Sunday, August 01, 2010

erasure

I sometimes find it alarming how easily some people can be erased from ones life, not a trace, e-mails, photos, phone numbers, letters. As if the other person never existed. I feel like I've done alot of erasing and rewriting the past few months in the romantic arena. I've felt deeply intensely connected to people who a few months later I have lost all contact with. Earlier this year, two rather casual relationships ended after nearly 4 years, one suddenly and not by my volition (and that after several skips and leaps as it was), another which had been half-hearted at best for the same length (and which fed off and thrived on my occasional dissastifaction with the other). I suppose that is one of the hazards of being non-monogamous, two people can potentially hurt you at the same time. I felt doubly dumped, and did all sorts of weird things like throw myself at male freinds/co-workers and make bad dating decisions in general. I guess I was trying too hard.
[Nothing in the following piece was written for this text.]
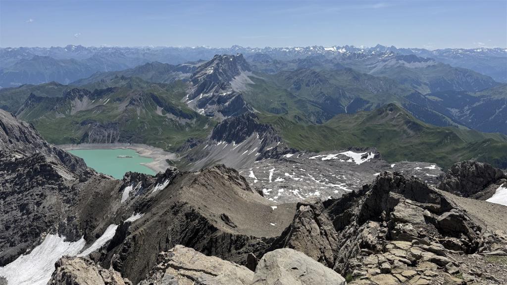 Auf der Schesaplana, Blick auf Lünersee, Totalp, Silvretta
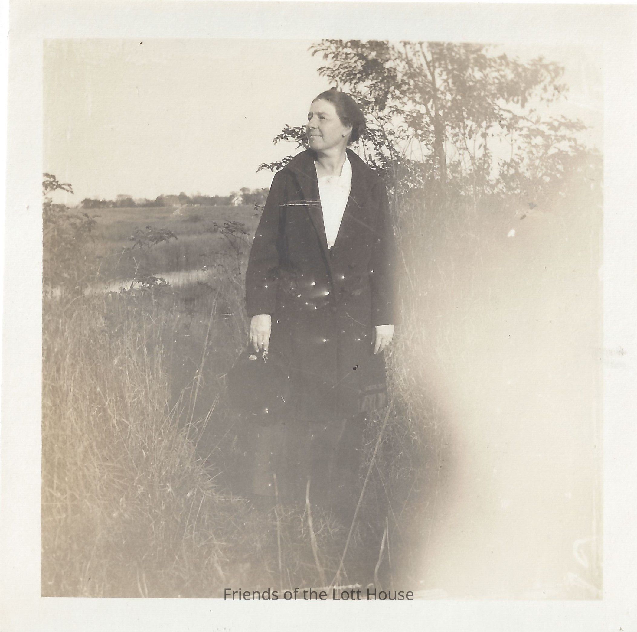 Woman posing outdoors in front of pond.Photograph Details

I've never been the sort of person who has a problem being alone, but at the same time I DO have a certain boredom that sets in whenever I am completely without any sort of romantic interest at all. I miss that fire, that slow burn and flutter of the stomach when you're gaga over someone--that twitterpation, I guess. That looking forward to seeing someone everyday. (although the flip side is that I get too freaked out if I feel the relationship is trying to take on too much weight in my life and I actually DO have to see them everyday.) I miss it as much as I would poetry if I had to stop writing it altogether. It would be a lack, a certain hole in the fabric of things. At the same time I've wondered if it is a good thing, considering neither of the above relationships were perfect (and the one I adored most the worst of all). Sigh. so I realized that over the past month and a half I've been trying to make a new relationship work despite all my inclinations to the contrary, to WANT to like someone as much as they seemed to like me, even though I was sort of lukewarm. He was a perfectly nice, honest, reasonably attractive guy, but there were certain things about his personality that were turning me off (type A things really) but I kept trying anyway, trying to like him, just to prove that I could like SOMEONE, that my heart wasn't a burned out husk. Sigh..I don't know..I think he finally picked up on it and we decided to go our separate ways. It was almost a relief.

Now as I am deleting his e-mails, his text messages, his number from my phone, I was feeling a little sad, not because of him, but because of how easy it was to do it.